Robin Windsor, danseur emblématique de Strictly Come Dancing, est mort à 44 ans

Un succès planétaire né outre-Manche
Beaucoup l’ignorent, mais le format de “Danse avec les stars” est d’origine britannique. Diffusé depuis 2004 sous le nom de Strictly Come Dancing, le programme a été adapté dans des dizaines de pays, dont la France où TF1 en propose actuellement la treizième saison. Le principe reste inchangé : des célébrités en duo avec des danseurs professionnels s’affrontent chaque semaine devant un jury et un public toujours plus exigeant.
Ce succès mondial a fait de certains danseurs de véritables stars, à l’image de Robin Windsor. Leur notoriété dépasse désormais le cadre de l’émission, portée par des communautés actives sur les réseaux sociaux. Mais cette exposition médiatique a aussi son revers : la pression constante, les attentes du public et les contraintes du métier peuvent peser lourdement sur la santé mentale des artistes.
Un combat silencieux contre la dépression
Derrière le sourire éclatant et les chorégraphies impeccables, Robin Windsor menait une bataille intime. Dès 2018, il avait choisi de briser le silence en évoquant publiquement sa dépression. “Nous avons tous des jours sombres, mais j’avais des semaines sombres. Je finissais par ne pas sortir du lit pendant quatre ou cinq jours d’affilée”, confiait-il à l’époque.
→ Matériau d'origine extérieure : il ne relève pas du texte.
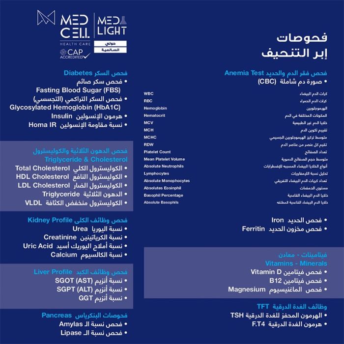 الفحوصات تشمل: فحص فقر الدم والحديد -صورة دم شاملة -كرات الدم البيضاء -كرات الدم الحمراء- الهيموجلوبين- المكونات المختلفة في الدم- خلايا الدم غير الطبيعية -تقييم تكوين الدم -متوسط تركيز الهيموجلوبين الجسيمي -تقيم كل عنصر من عناصر الدم -تعداد الصفائح -متوسط حجم الصفائح الدموية -أنواع الخلايا البيضاء المسببه للإضطرابات -تحليل نسبة الليمفاويات -تعداد كريات الدم البيضاء التفريقي -مستوى الحمضات -خلايا الدم البيضاء القاعدية- خلايا الدم البيضاء القاعدية المطلقه - فحص الحديد- - فحص مخزون الحديد - معادن -فحص فيتامين فحص الماغنيسيوم - وظائف الغدة الدرقية -الهرمون المحفز للغدة الدرقية • هرمون الغدة الدرقية - السكر فحص - فحص سكر صائم -فحص السكر التراكمي (التجسسي)• هرمون الإنسولين -نسبة مقاومة الإنسولين - - فحص الدهون الثلاثية والكوليسترول الكوليسترول الكلي الكوليسترول النافع - الكوليسترول الضار - هون الثلاثية الد - كوليسترول منخفض الكثافة - فحص وظائف الكلى نسبة اليوريا - نسبة الكرياتينين - - نسبة أملاح اليوريك أسيد نسبة الكالسيوم فحص وظائف الكبد -نسبة أنزيم -نسبة أنزيم فحوصات البنكرياس -فحص نسبة الـ Amylas فحص نسبة الــ Lipase

Le danseur souffrait de troubles dépressifs depuis l’âge de 19 ans. Avec le temps, ces épisodes s’étaient intensifiés, alimentés par les difficultés personnelles et professionnelles. “Beaucoup de choses se sont produites en même temps, des choses assez mauvaises, qui ont mis le feu aux poudres. Ma blessure, ma situation financière, la fin de mes fiançailles et la perte de mon emploi à Strictly Come Dancing, tout cela s’est produit en même temps et a fait des ravages”, avait-il expliqué.
Cette accumulation de revers illustre une réalité trop souvent ignorée : la santé mentale ne fait pas de distinction entre les anonymes et les célébrités. La pression financière, les ruptures amoureuses, les blessures physiques et la précarité professionnelle sont autant de facteurs qui peuvent précipiter une chute, même chez ceux qui semblent avoir tout pour être heureux.